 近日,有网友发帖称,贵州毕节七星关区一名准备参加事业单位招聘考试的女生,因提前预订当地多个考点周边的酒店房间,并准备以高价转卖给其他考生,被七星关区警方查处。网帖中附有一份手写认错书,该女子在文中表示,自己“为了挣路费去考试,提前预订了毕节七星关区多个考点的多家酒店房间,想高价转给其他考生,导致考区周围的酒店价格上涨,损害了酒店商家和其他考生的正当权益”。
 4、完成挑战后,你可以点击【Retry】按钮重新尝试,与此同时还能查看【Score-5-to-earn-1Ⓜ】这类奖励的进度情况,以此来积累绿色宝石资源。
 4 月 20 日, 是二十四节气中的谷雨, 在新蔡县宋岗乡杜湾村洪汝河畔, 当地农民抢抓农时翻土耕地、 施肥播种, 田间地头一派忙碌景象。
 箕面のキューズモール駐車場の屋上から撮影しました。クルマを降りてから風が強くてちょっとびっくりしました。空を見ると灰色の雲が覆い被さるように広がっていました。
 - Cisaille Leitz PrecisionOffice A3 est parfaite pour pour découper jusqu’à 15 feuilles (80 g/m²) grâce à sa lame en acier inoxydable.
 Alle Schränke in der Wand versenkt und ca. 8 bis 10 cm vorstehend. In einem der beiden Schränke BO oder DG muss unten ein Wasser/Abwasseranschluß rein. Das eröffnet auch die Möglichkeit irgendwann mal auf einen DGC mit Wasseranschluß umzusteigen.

...

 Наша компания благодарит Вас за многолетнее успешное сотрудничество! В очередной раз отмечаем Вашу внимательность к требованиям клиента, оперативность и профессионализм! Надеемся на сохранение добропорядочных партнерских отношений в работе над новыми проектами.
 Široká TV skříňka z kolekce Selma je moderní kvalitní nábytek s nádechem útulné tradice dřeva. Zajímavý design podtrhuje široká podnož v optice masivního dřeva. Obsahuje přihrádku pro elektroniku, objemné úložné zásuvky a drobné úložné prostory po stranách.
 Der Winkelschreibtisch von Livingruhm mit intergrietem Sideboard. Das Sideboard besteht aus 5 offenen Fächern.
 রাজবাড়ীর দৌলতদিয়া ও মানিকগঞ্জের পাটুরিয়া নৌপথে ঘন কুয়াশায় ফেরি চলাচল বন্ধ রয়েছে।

---

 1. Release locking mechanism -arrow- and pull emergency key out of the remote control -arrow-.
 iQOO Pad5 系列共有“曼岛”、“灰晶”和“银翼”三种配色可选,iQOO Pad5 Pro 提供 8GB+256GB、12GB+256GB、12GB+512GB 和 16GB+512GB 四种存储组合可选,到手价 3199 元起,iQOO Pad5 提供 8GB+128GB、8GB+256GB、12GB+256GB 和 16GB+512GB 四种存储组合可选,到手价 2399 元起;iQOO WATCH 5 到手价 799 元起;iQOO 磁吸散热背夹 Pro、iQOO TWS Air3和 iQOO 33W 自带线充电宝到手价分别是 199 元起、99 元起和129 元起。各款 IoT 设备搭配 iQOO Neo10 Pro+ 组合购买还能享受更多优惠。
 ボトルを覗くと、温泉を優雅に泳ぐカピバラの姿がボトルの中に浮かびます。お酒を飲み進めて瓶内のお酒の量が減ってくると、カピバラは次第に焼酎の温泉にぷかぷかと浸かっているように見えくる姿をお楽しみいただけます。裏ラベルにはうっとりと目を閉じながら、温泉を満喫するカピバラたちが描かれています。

■ Instructions to follow
Above are the records; copy exactly the lines from the line with "近日,有网友发帖称,贵州毕节" through the line with "Alle Schränke in", both included.

■ Answer area
 近日,有网友发帖称,贵州毕节七星关区一名准备参加事业单位招聘考试的女生,因提前预订当地多个考点周边的酒店房间,并准备以高价转卖给其他考生,被七星关区警方查处。网帖中附有一份手写认错书,该女子在文中表示,自己“为了挣路费去考试,提前预订了毕节七星关区多个考点的多家酒店房间,想高价转给其他考生,导致考区周围的酒店价格上涨,损害了酒店商家和其他考生的正当权益”。
 4、完成挑战后,你可以点击【Retry】按钮重新尝试,与此同时还能查看【Score-5-to-earn-1Ⓜ】这类奖励的进度情况,以此来积累绿色宝石资源。
 4 月 20 日, 是二十四节气中的谷雨, 在新蔡县宋岗乡杜湾村洪汝河畔, 当地农民抢抓农时翻土耕地、 施肥播种, 田间地头一派忙碌景象。
 箕面のキューズモール駐車場の屋上から撮影しました。クルマを降りてから風が強くてちょっとびっくりしました。空を見ると灰色の雲が覆い被さるように広がっていました。
 - Cisaille Leitz PrecisionOffice A3 est parfaite pour pour découper jusqu’à 15 feuilles (80 g/m²) grâce à sa lame en acier inoxydable.
 Alle Schränke in der Wand versenkt und ca. 8 bis 10 cm vorstehend. In einem der beiden Schränke BO oder DG muss unten ein Wasser/Abwasseranschluß rein. Das eröffnet auch die Möglichkeit irgendwann mal auf einen DGC mit Wasseranschluß umzusteigen.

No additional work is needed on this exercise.